Onkel said, when I told him that I enjoyed society things, and that society was my bid complex, that behind it was “a role in society” which was not what I really wanted. On one side, there was my social complex trying to make an impression on society people, and to be “in” with them; and on the other side, I have feelings of inferiority-even with his secretary, Miss Schmid. (I had told him that, for years, when Miss Schmid opened the door, I felt that I was in her eyes, a swine being ushered in!)

On one side, he said, I have projections on Miss Schmid. (Somehow, I did not feel that I had projections on Miss Schmid, as for years, I have felt she was antagonistic, but never mentioned it before as I had other things to talk about. But I did not say all this to Onkel.)

Onkel went on to say that, on the one side, I was a social climber and on the other side, less than a worm with Miss Schmid. Onkel said that what I was playing was a power game, and where there is power, there is not love-a pair of opposites. This brought to my mind what Onkel says in his book, Psychological Types, Chapter Five.

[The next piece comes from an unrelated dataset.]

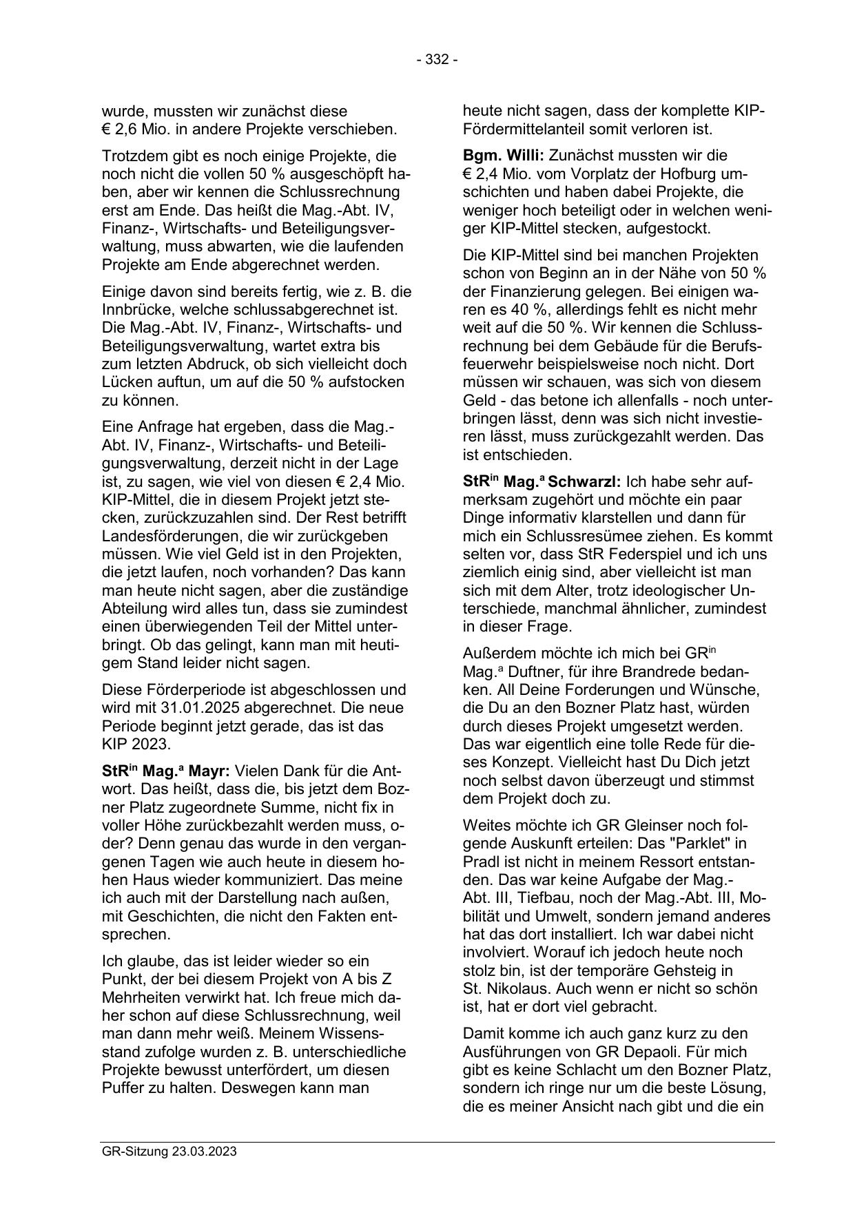 StRin Mag.a Mayr: Vielen Dank für die Antwort. Das heißt, dass die, bis jetzt dem Bozner Platz zugeordnete Summe, nicht fix in

In Chinese philosophy, there is the idea of the “middle Path” that lies between the opposites. It is called Tao. Tao is usually associated with the name of the philosopher; Lao-Tze, born in 604 B.C. Tao expresses itself as, “Dwelling without desire, one perceiveth its essence; clinging to desire, one seeth only its outer form.” – “Tao is an irrational, hence a wholly inconceivable fact. Tao is essence, but unseizable, incomprehensible.”

Tao is an irrational union of the opposites (opposites-one’s good and bad sides blended to make an acceptable whole)-therefore a symbol which is and is not. Tao is the creative essence as father begetting and mother bringing forth. It is the beginning and end of all creatures.

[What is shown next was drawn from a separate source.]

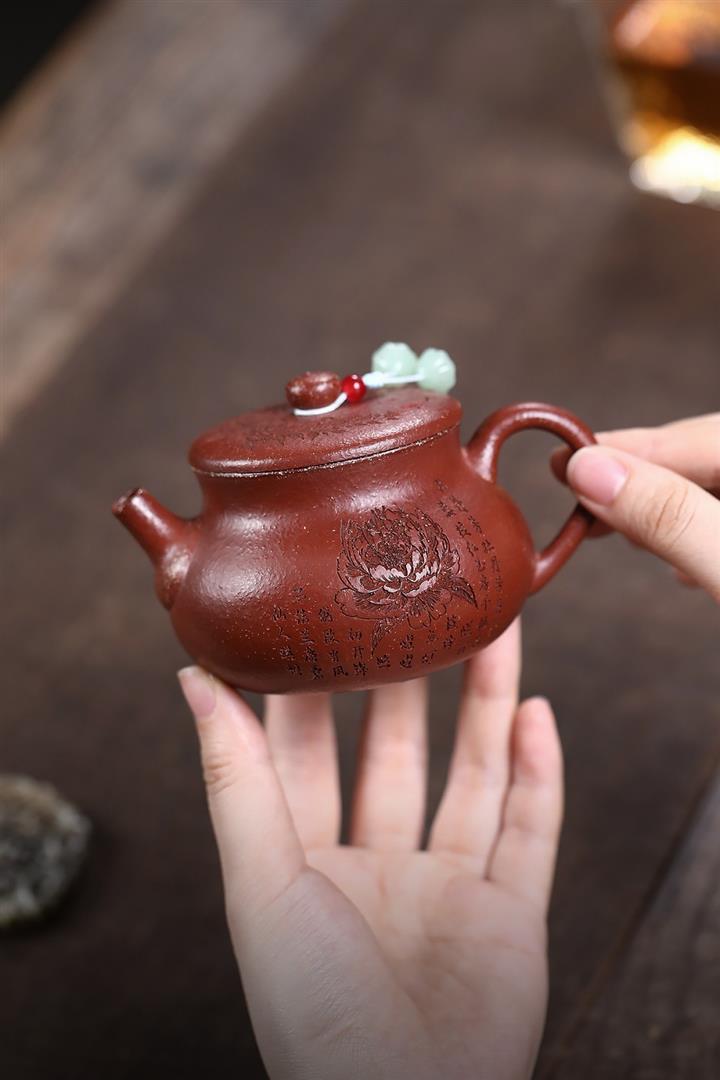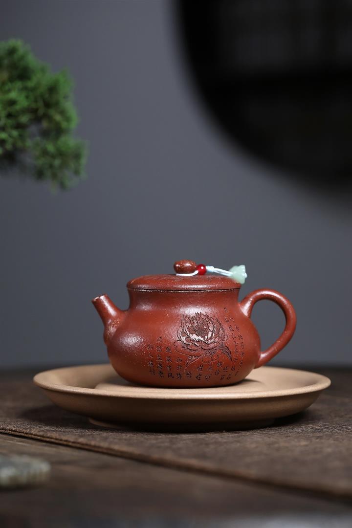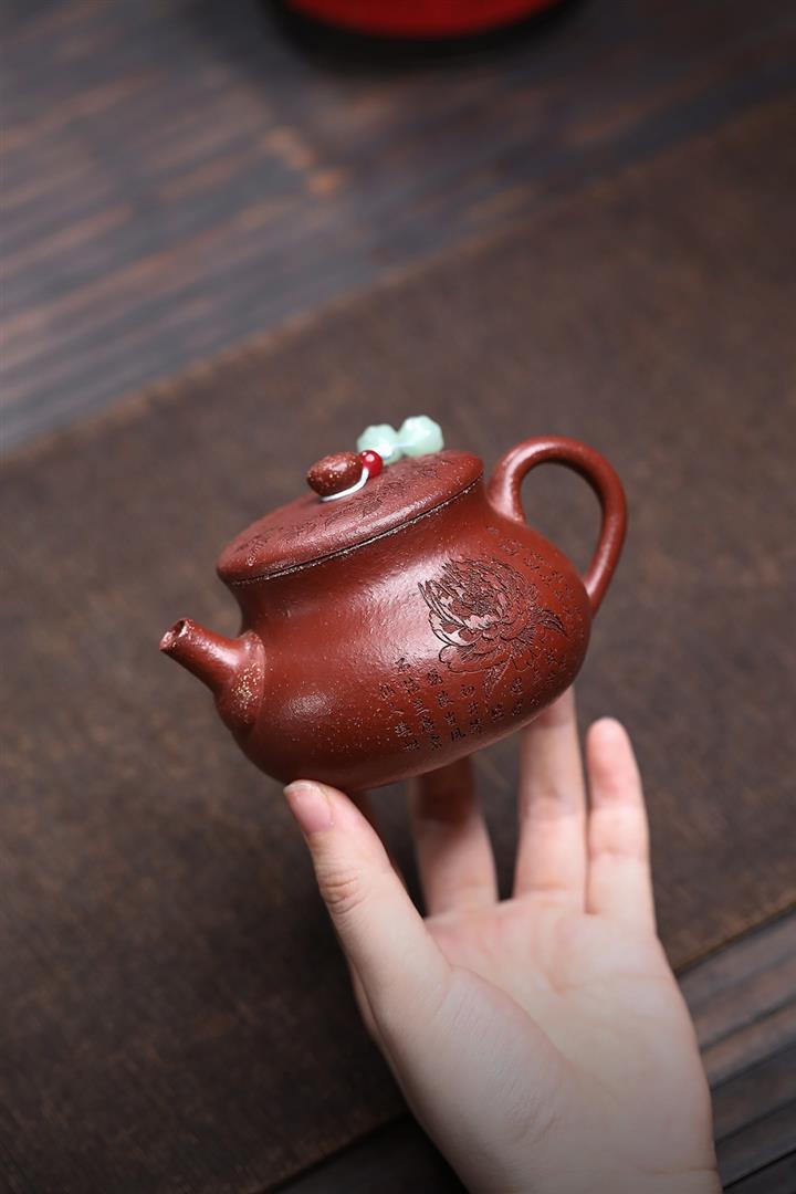 原礦粗砂朱泥金葉曼殊茶壺POT7183

He whose actions are in harmony with Tao becometh one with Tao. Therefore the complete person is freed from the opposites whose intimate connection, and alternating appearance, he is aware of. Therefore to withdraw oneself is the celestial way, and he is the complete one inaccessible to intimacy, inaccessible to estrangement, inaccessible to profit, inaccessible to injury, inaccessible to honor, inaccessible to disgrace! Being one with Tao resembles the spiritual condition of a child.

The Taoistic religion says that Tao is divided into a principal pair of opposites, Yang and Yin.

Yang is warmth, light, masculinity.
Yin is cold, darkness, femininity.
Yang is also heaven.
Yin is earth.
From Yang force arises, Schen, the celestial portion of the human soul.
From yin force arises, Kwei, the earthly part.
As a microcosm, man is also in some degree a reconciler of the pairs of opposites. Heaven, man and earth form the three chief elements of the world.

This imagery is a primordial idea we find elsewhere in similar forms, as, for instance, in West African myth, where Obatala and Odua, the first parents (heaven and earth) lie together in a calabash until a son, man, arises between them-hence a microcosm, uniting in himself the world of opposites. Man corresponds with the irrational symbol which reconciles the opposites.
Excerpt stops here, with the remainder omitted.